Math for CS: Induction


Induction is a powerful method for showing a property is true for all non-negative integers. Induction plays a central role in discrete mathematics and computer science. In fact, its use is a defining characteristic of discrete—as opposed to continuous—mathematics. This chapter introduces two versions of induction, Ordinary and Strong, and explains why they work and how to use them in proofs.

We are given the induction principle, which states the following. Let P be a predicate on non-negative integers. If P(0) is true, and P(n) implies P(n+1) for all non-negative integers, n, then P(m) is true for all non-negative integers, m.

Induction Template

We are then given a familiar example along with a template for applying an induction proof.

Five components of the template:

  1. State that the proof uses induction. This immediately conveys the overall structure of the proof, which helps your reader follow your argument.
  2. Define an appropriate predicate P(n). The predicate P(n) is called the induction hypothesis. The eventual conclusion of the induction argument will be that P(n) is true for all nonnegative n. A clearly stated induction hypothesis is often the most important part of an induction proof, and its omission is the largest source of confused proofs by students. In the simplest cases, the induction hypothesis can be lifted straight from the proposition you are trying to prove, as we did with equation (5.1). Sometimes the induction hypothesis will involve several variables, in which case you should indicate which variable serves as n.
  3. Prove that P(0) is true. This is usually easy, as in the example above. This part of the proof is called the base case or basis step.
  4. Prove that P(n) implies P(n+1) for every nonnegative integer n. This is called the inductive step. The basic plan is always the same: assume that P(n) is true and then use this assumption to prove that P(n+1) is true. These two statements should be fairly similar, but bridging the gap may require some ingenuity. Whatever argument you give must be valid for every nonnegative integer n, since the goal is to prove that all the following implications are true: P(0) implies P(1), P(1) implies P(2), P(2) implies P(3), …
  5. Invoke induction. Given these facts, the induction principle allows you to conclude that P(n) is true for all nonnegative n. This is the logical capstone to the whole argument, but it is so standard that it’s usual not to mention it explicitly.

Always be sure to explicitly label the base case and the inductive step. Doing so will make your proofs clearer and will decrease the chance that you forget a key step—like checking the base case.

We are walked through an example where we need a stronger induction hypothesis in order to prove by induction. The author notes that it is not always immediately obvious what a more clever induction hypothesis could be. They mentioned that it took mathematicians over 20 years to prove something by induction. It ended up taking a clever induction hypothesis.

We are also walked through a bogus proof.

Strong induction.

A useful variant of induction is called strong induction. Strong induction and ordinary induction are used for exactly the same thing: proving that a predicate is true for all nonnegative integers. Strong induction is useful when a simple proof that the predicate holds for n + 1 does not follow just from the fact that it holds at n, but from the fact that it holds for other values <= n.

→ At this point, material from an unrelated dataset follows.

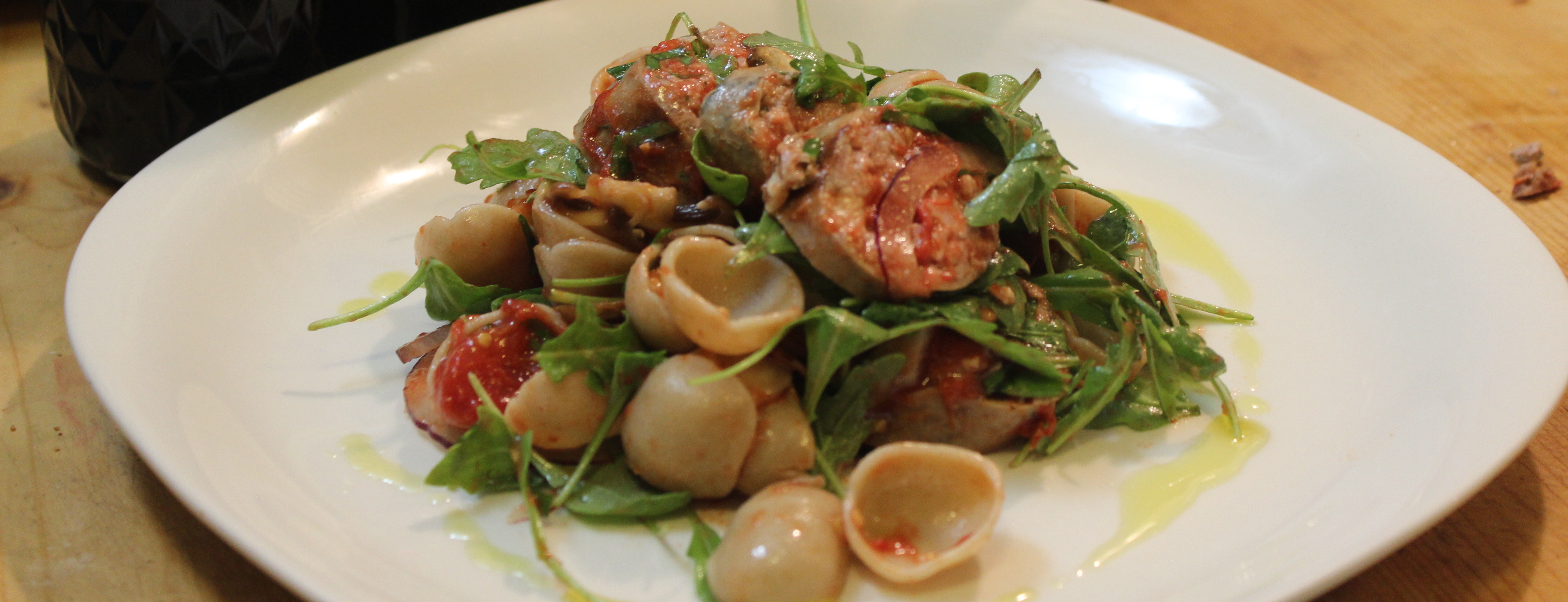 The Great Garlic & Gouda Sausage in a Baia pasta salad with red onion, crimini mushrooms and arugula
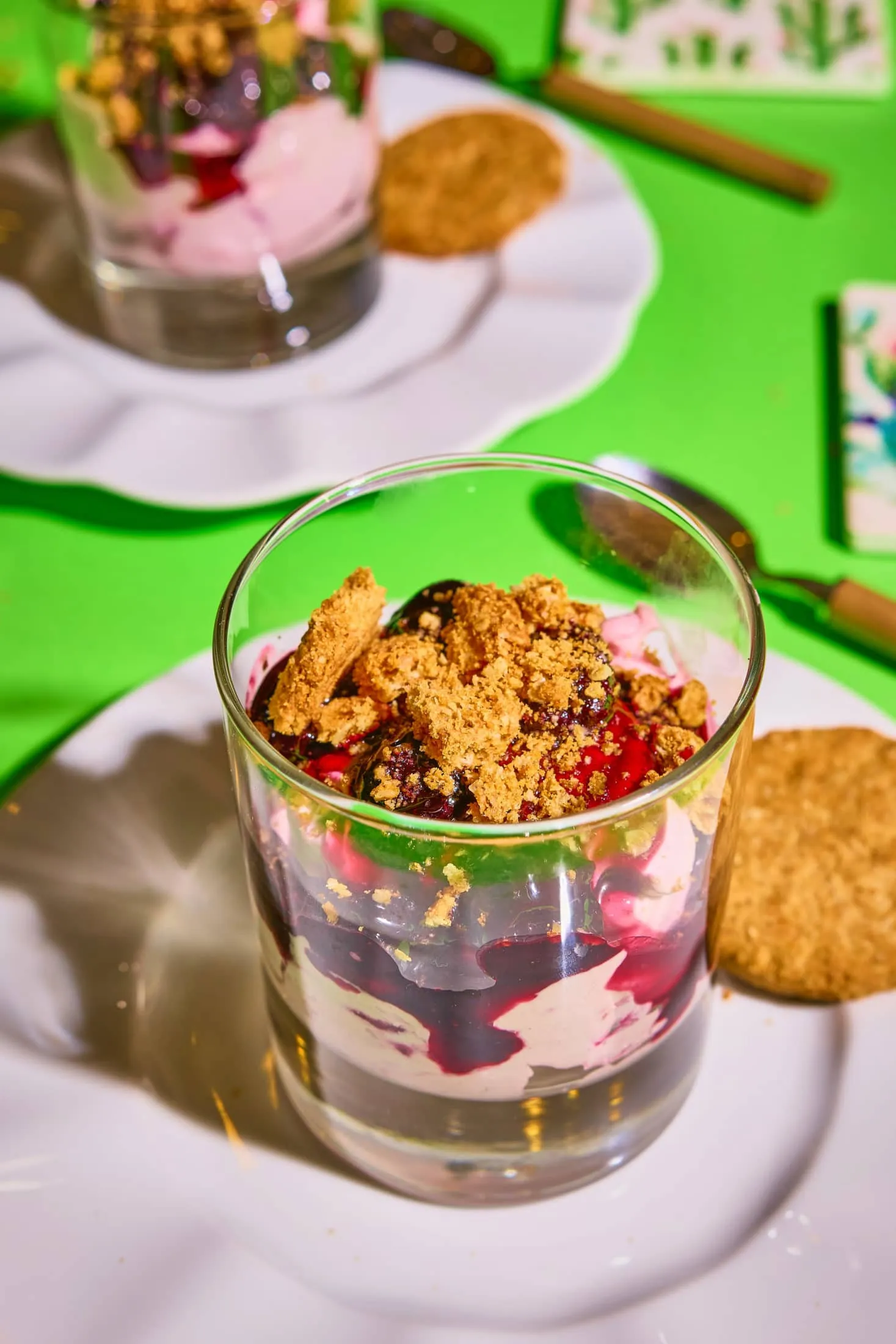 A cseresznyeragus pohárkrém elkészítéséhez a cseresznyét kimagozzuk és a keményítő kivételével a többi hozzávalóval összeforraljuk 2-3 perc alatt. A vízzel kikevert keményítővel besűrítjük, majd hagyjuk kihűlni. A mascarponét 2-3 perc alatt kihabosítjuk, hozzáadjuk a ragu felét és a sűrített tejet. Ezután poharakba rétegezzük: a krémre jöhet a ragu, végül a tetejére a tört keksz.

Strong induction vs. induction vs. well-ordering

Strong induction looks genuinely “stronger” than ordinary induction —after all, you can assume a lot more when proving the induction step. Since ordinary induction is a special case of strong induction, you might wonder why anyone would bother with the ordinary induction. But strong induction really isn’t any stronger, because a simple text manipulation program can automatically reformat any proof using strong induction into a proof using ordinary induction—just by decorating the induction hypothesis with a universal quantifier in a standard way. Still, it’s worth distinguishing these two kinds of induction, since which you use will signal whether the inductive step for n + 1 follows directly from the case for n or requires cases smaller than n, and that is generally good for your reader to know. The template for the two kinds of induction rules looks nothing like the one for the Well Ordering Principle, but this chapter included a couple of examples where induction was used to prove something already proved using well ordering. In fact, this can always be done. As the examples may suggest, any well ordering proof can automatically be reformatted into an induction proof.

So theoretically, no one need bother with the Well Ordering Principle either. But it’s equally easy to go the other way, and automatically reformat any strong induction proof into a Well Ordering proof. The three proof methods—well ordering, induction, and strong induction—are simply different formats for presenting the same mathematical reasoning! So why three methods? Well, sometimes induction proofs are clearer because they don’t require proof by contradiction. Also, induction proofs often provide recursive procedures that reduce large inputs to smaller ones. On the other hand, well ordering can come out slightly shorter and sometimes seem more natural and less worrisome to beginners. So which method should you use? There is no simple recipe. Sometimes the only way to decide is to write up a proof using more than one method and compare how they come out. But whichever method you choose, be sure to state the method up front to help a reader follow your proof.